DIRECTIONS FOR THIS TASK: For the data below, transcribe the part that opens with the line containing "72819236 alte Postkarte" and closes with the line containing "La zona living", exactly and with no pictures.

MATERIAL SUPPLIED:
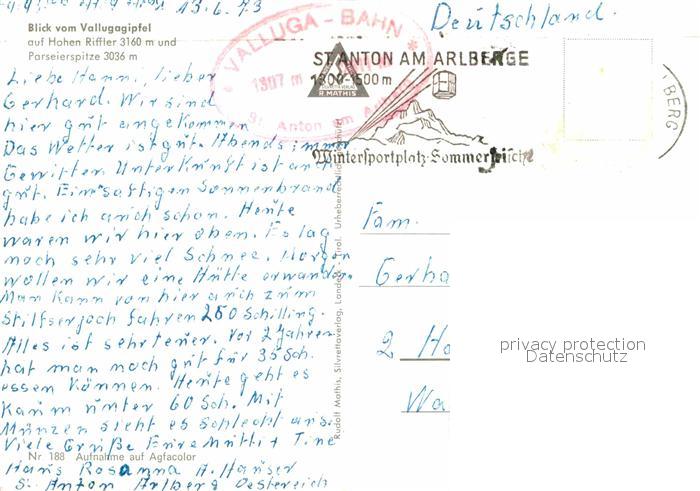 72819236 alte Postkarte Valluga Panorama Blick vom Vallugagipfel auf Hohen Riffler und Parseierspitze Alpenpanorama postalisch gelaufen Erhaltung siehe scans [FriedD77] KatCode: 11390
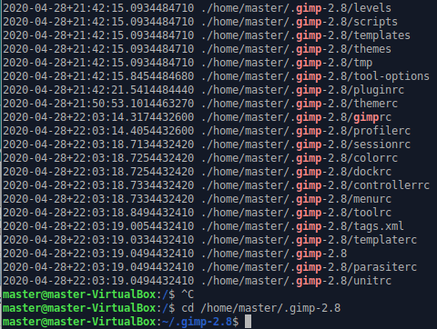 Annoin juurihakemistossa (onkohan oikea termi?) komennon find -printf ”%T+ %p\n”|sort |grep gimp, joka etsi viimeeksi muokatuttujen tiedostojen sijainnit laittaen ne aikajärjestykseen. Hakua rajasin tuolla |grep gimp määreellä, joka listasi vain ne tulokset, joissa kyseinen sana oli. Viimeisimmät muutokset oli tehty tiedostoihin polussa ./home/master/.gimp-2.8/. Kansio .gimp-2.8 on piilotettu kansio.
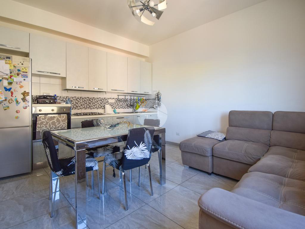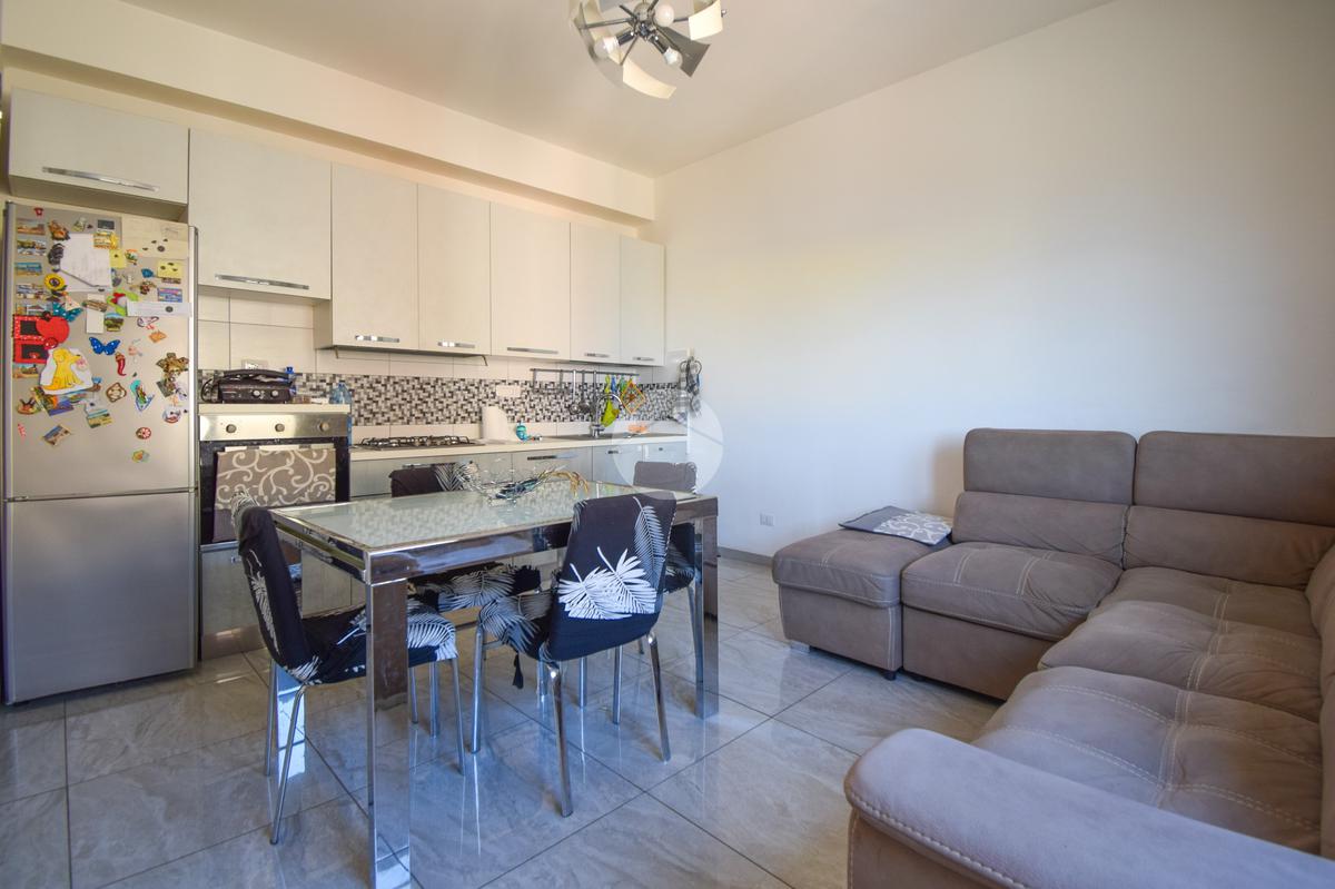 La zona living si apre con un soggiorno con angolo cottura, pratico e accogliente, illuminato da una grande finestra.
* * *
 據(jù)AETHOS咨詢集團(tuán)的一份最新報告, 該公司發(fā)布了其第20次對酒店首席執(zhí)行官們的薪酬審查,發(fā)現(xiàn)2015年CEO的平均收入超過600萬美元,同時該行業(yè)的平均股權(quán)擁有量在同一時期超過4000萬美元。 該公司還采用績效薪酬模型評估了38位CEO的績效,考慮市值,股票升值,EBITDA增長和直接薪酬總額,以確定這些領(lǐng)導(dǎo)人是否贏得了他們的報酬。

RESPONSE AREA:
 72819236 alte Postkarte Valluga Panorama Blick vom Vallugagipfel auf Hohen Riffler und Parseierspitze Alpenpanorama postalisch gelaufen Erhaltung siehe scans [FriedD77] KatCode: 11390
 Annoin juurihakemistossa (onkohan oikea termi?) komennon find -printf ”%T+ %p\n”|sort |grep gimp, joka etsi viimeeksi muokatuttujen tiedostojen sijainnit laittaen ne aikajärjestykseen. Hakua rajasin tuolla |grep gimp määreellä, joka listasi vain ne tulokset, joissa kyseinen sana oli. Viimeisimmät muutokset oli tehty tiedostoihin polussa ./home/master/.gimp-2.8/. Kansio .gimp-2.8 on piilotettu kansio.
 La zona living si apre con un soggiorno con angolo cottura, pratico e accogliente, illuminato da una grande finestra.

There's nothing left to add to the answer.